Most EHR applications require the user to navigate between screens to enter data. An EHR workflow management system can be configured to drive common input screens in any order that makes sense. This is most commonly based on the visit reason. In other words, an EHR workflow management system can deliver customized workflow around a practice’s current workflow process for gathering data. For example, a practice may currently use a paper based workflow system that they like. This not only involves what data they gather, but when and who collects the data during the workflow. An EHR workflow management system can be configured, through use of its process definition editor, to precisely match this pre-existing workflow.

Some EHRs do increasingly deliver some workflow capability; that is, they can contribute to an increase in productivity by doing for the user what they would otherwise need to do themselves (navigate to the next screen, inform the next person what they need to do, trigger an external application such as a digital ECG, and so on). However, these EHRs rely on “frozen” process definitions. Their workflow cannot be easily changed to adapt to circumstances not foreseen by the programmer. Programmers are not clinicians, or even more important, not intimately familiar with each and every minute step of dealing with a patient in medical practice. Only users can claim this degree of familiar knowledge. This means that users cannot easily change what EHR screens occur in what order, who gets passed the task baton when, or what external application to fire up automatically.
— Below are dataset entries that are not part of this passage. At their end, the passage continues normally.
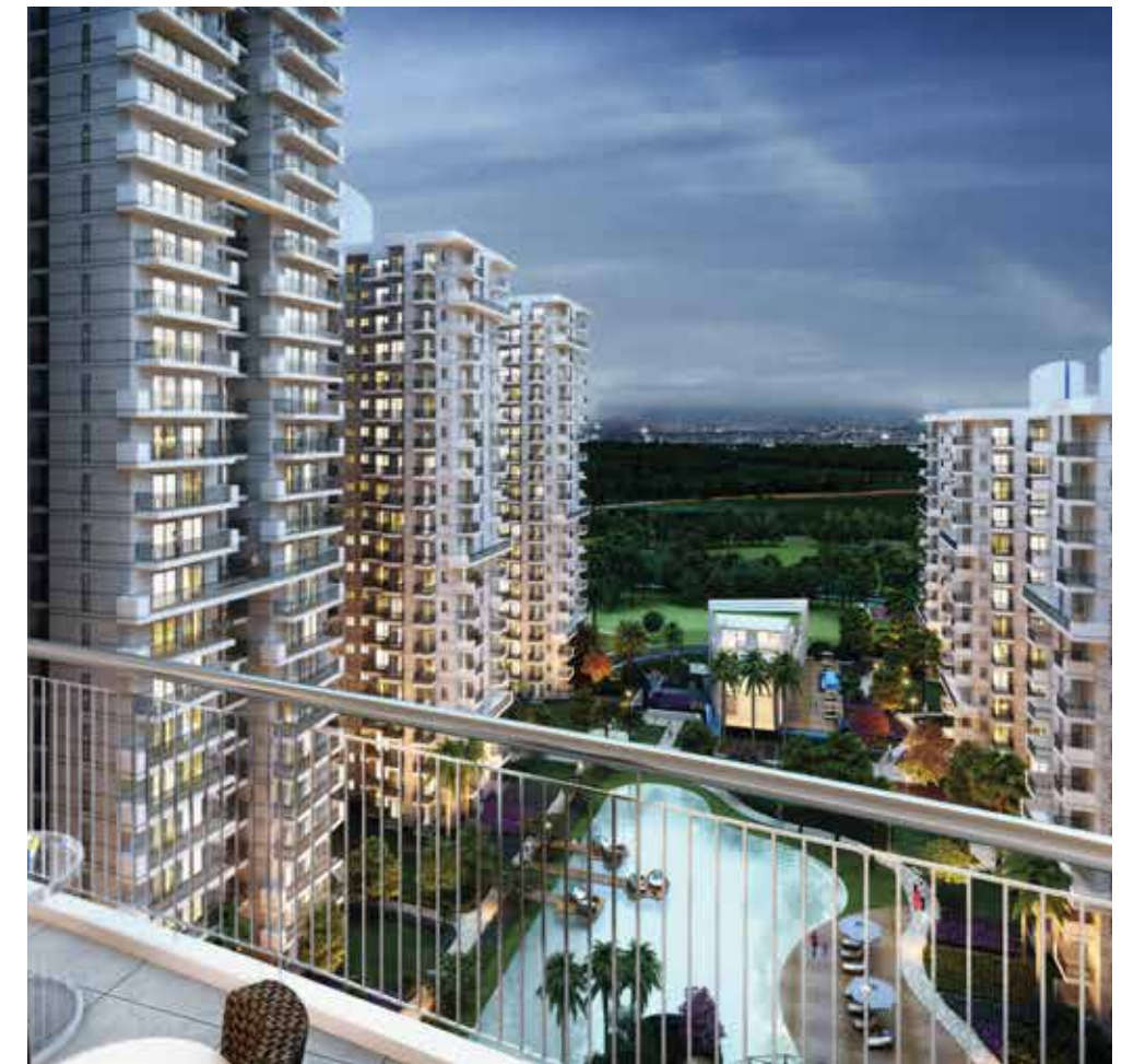
The towers overlooking a vast green central area
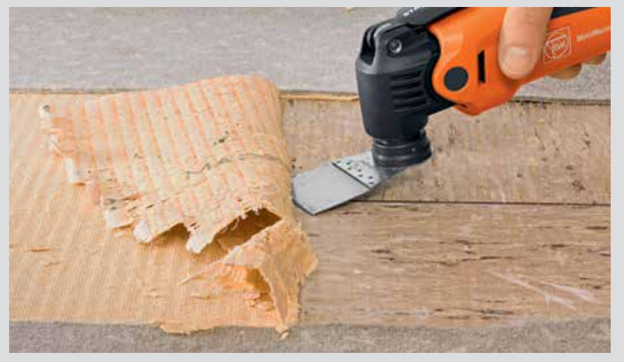
Remove old floor coverings quickly, easily and completely.
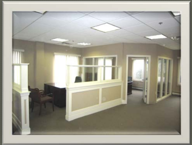
BRAINTREE PROFESSIONAL CENTER
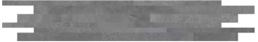
| 6.5x40 3D lineality |
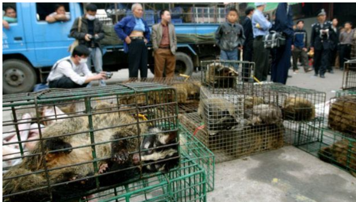
Officials seize civet cats in Xinyuan wildlife market in Guangzhou to prevent the spread of SARS

Coronaviruses have been found in pangolins, some claimed to be a close match to the novel human virus. Could the bat virus and pangolin virus have traded genetics before spreading to humans? Experts are cautious about drawing any conclusions. Full data on the pangolin study has not been released, making the information impossible to verify.
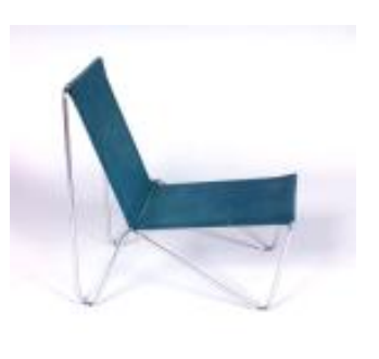
moody teal understated - Resene Marathon, Resene Beatnik
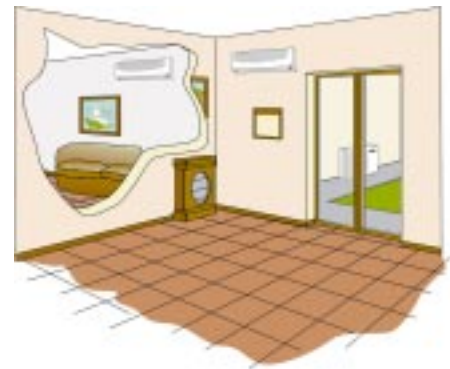
A single unit located outside can provide air-conditioning for two rooms.

alternatives. The Hybrid DC Inverter achieves this by using a clever combination of functions - Pulse Amplitude Modulation (PAM) and Pulse Width Modulation (PWM). PAM provides rapid power to reach the temperature that you have selected. PWM then maintains that temperature with maximum efficiency. In this way, the variable speed compressor delivers continuous comfort, with lower power consumption.

Only a full-fledged EHR workflow management system provides additional user interfaces that allow users, not programmers, to bend EHR workflow behavior to their specific and evolving needs. For example, a user should be able to easily instruct the EHR to insert a new data gathering step between vitals and chief complaint, or to easily add the automatic playing of a preventative care video at the optimal point of a well visit.

Apply the following litmus test designed to detect frozen workflow:

The simplest test of whether an EHR is built on a workflow management system is to ask for a live demonstration of the following:

  1. Ask to see an encounter from beginning to end. Focus on the sequence of screens.
  2. Ask to see the process definition that controls the sequence of screens just observed.
  3. Ask to see a small edit in the process definition using the EHR process definition editor, such as the deletion or reordering of several steps.
  4. Ask to see the same encounter again, while focusing on whether or not the changes in the process definition have indeed resulted in the appropriate changes in screen sequence.
  5. If the screen sequence changes in just the way that would be expected if an EHR workflow engine is consulting the just edited process definition, then you are likely looking at an EHR workflow management system.

If an EHR cannot demonstrate steps (1-5), then the EHR lacks the capabilities of a workflow management system. It does have workflow (because all software applications have workflow). It may even have workflow that is good for a particular task and context. However its workflow is frozen.